Le generazioni dei ventenni e dei trentenni si trovano oggi sulla frontiera sociale delle due grandi rivoluzioni che hanno segnato il passaggio dal Novecento al primo decennio del Duemila, la globalizzazione economica e la rivoluzione tecnologica: ne hanno subito per primi i contraccolpi negativi, possono cercare di sfruttarne meglio degli altri i potenziali vantaggi.

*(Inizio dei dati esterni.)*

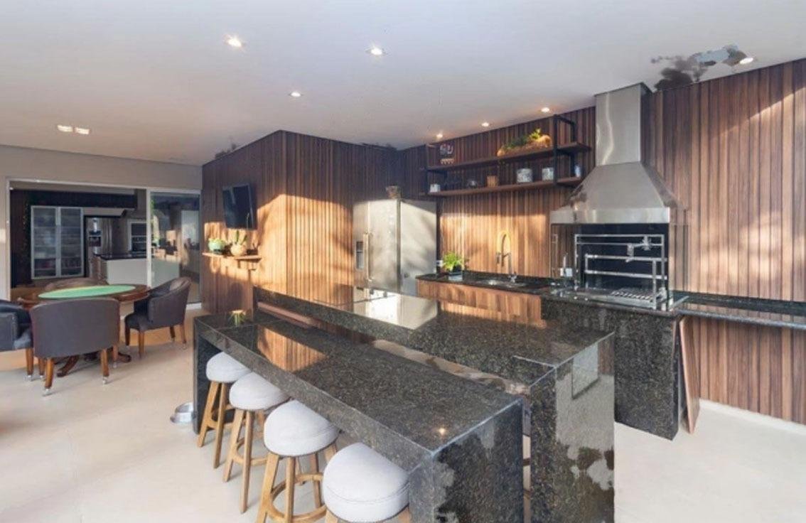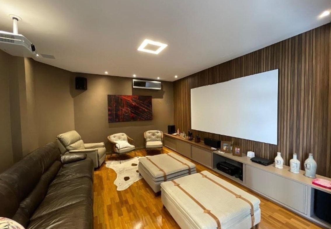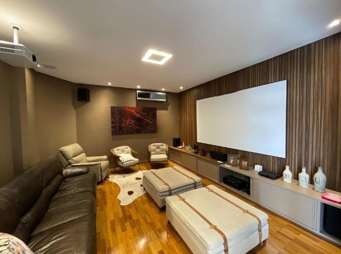 📌Home Theater, Sala fitness no subsolo, escritório, sala com lareira, cozinha planejada com área gourmet externa e Garagem para 06 carros cobertos.

Rispetto a quest’ultimi, il nostro Paese può vantare un asset strategico fondamentale: un patrimonio di imprenditorialità unico al mondo.
La voglia di intraprendere e il coraggio di rischiare sono nel nostro Paese le più alte d’Europa: abbiamo oltre 6 milioni di imprese registrate - ben il 18% degli italiani è imprenditore o lavoratore autonomo - e il nostro tasso di natalità imprenditoriale si colloca a livelli record in Europa.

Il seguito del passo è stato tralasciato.